这是————
月色昏暗,若不细看,根本看不清牌上的纹路。
可杨灿的指尖抚过牌子的瞬间,却浑身一震,这种牌子,他自己也有一枚。
就像你在打麻将,摸到一张三条,指肚只要一蹭,怎还不知它是什麽。
杨灿大为诧异,失声道:「你是墨门弟子?」
一刀仙浑身一僵,糟了,这人竟然识得我墨家腰牌。
一刀仙立即矢口否认:「你胡说,我不是!」
要他死可以,墨门弟子的身份可不能暴露!
堂堂墨者竟沦为杀手,传出去岂不是贻笑天下,辱没了宗门?
「不是?」杨灿挑眉,将手中的牌子举到他眼前:「那这是什麽?」
「哦!这是————曾经有个墨家弟子向我挑衅,被我一刀就给杀了。我看这块牌子刻工精美,便留做了饰物,不可以吗?」
杨灿盯着他,突然道:「执矩守墨,君可识途?」
一刀仙根本来不及多想,下意识地便应道:「绳墨为凭,同道归心。」
切口对上,两人再度同时愣住,四目相对,有些尴尬。
片刻之后,杨灿突然一把扯下了一刀仙脸上的蒙面巾。
月光照清了一刀仙的眉眼,杨灿失声道:「原来是你,你竟是我墨门弟子! 」
一刀仙看着杨灿,同样满是诧异,难以置信地道:「你竟是我墨门弟子?」
杨灿缓缓松开了扼着他咽喉的手,诧异地道:「你身为墨家弟子,为何要做杀手?」
一刀仙黯然道:「宗门衰落,连饭都吃不起了,又如何开坛授徒,传我宗门衣钵?我————只好出来赚点钱贴补宗门,可我学的是杀人技,还能干什麽?」
「你只会杀人?」杨灿恍然道:「你是楚墨?」
只会杀人技的,那也只有楚墨了。
不料,一刀仙听了杨灿的话,竟然更加吃惊:「难道————你不是楚墨?」
一刀仙的心态有点崩了,墨门三分,其中唯有楚墨是以技击闻名的,如果这个王灿不是楚墨,武功却在他之上,那真是羞死个先人了。
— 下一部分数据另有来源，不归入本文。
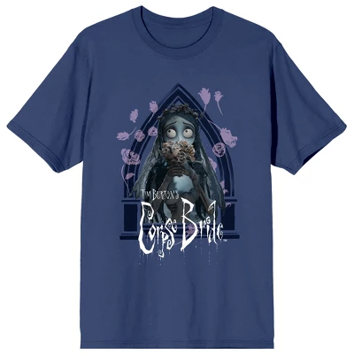 Celebrate your favorite movies with this Corpse Bride tee. The shirt features an image of Emily holding a bouquet of flowers at an altar while pink roses surround the character. White letters below the image spell out the movie’s title. The tee comes in a navy short sleeve crew neck. Fans of the Corpse Bride movie will love this comfy cotton t-shirt.
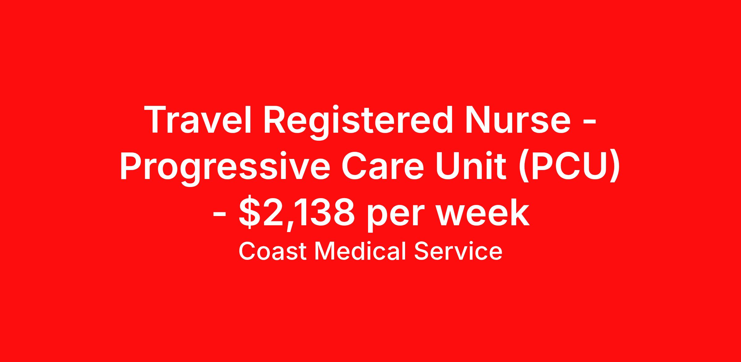 Coast Medical Service is seeking a travel nurse RN PCU - Progressive Care Unit for a travel nursing job in Asheville, North Carolina. Job Description & Requirements Specialty: PCU - Progressive Care Unit Discipline: RN Start Date: 03/30/2026 Duration: 13 weeks 36 hours per week Shift: 12 hours, nights Employment Type: Travel Coast Medical Service is a nationwide travel nursing & allied healthcare staffing agency dedicated to providing an elite traveler experience for the experienced or first-time traveler. Coast is featured on Blue Pipes' 2023 Best Travel Agencies and named a 2022 Top Rated Healthcare Staffing Firm & 2023 First Half Top Rated Healthcare Staffing Firm by Great Recruiters. Please note that pay rate may differ for locally based candidates. Please apply here or contact a recruiter directly to learn more about this position & the facility, and/or explore others that may be of interest to you. We look forward to speaking with you! Coast Medical Services Job ID 36077394. Pay package is based on 12 hour shifts and 36.0 hours per week (subject to confirmation) with tax-free stipend amount to be determined. Posted job title: RN:Stepdown (PCU),19:00:00-07:30:00

杨灿「扳鞍下马」,单膝跪地,向一刀仙抱了抱拳:「秦墨,杨灿。」
一刀仙躺在地上,冲杨灿抱了抱拳:「楚墨,萧修。」
他一边说着,一边暗自庆幸:幸好我的名姓,便是我楚墨的许多同门都不知道,更别说他是秦墨弟子了。
他既不知我的名姓,便不知道我在楚墨中的身份,这般一来,楚墨的体面,总算还能保留几分,不至于被人扒得一丝不挂。
幸甚,幸甚!
此时,安陆派出的白崖国王帐一众侍卫高手,借着夜色的掩护,终于成功潜入了凤雏部落的驻地。
他们身形隐秘,交叉掩护,避开了巡夜的哨兵,一步步朝着杨灿的寝帐摸去。
杨灿寝帐的位置,他们下午便已打听清楚了。
——
渐渐的,他们离杨灿的寝帐越来越近,队伍中的劲弩手,已然悄悄端起了手中的劲弩。
不远处,一座士兵休息的大帐外,草丛中突然传来一阵轻微的动静,一道身影摇摇晃晃地站了起来。
这人头发凌乱,脸上还带着未散的迷茫,正是此前被一刀仙一掌击晕丶扔进草丛的那名凤雏部落战士。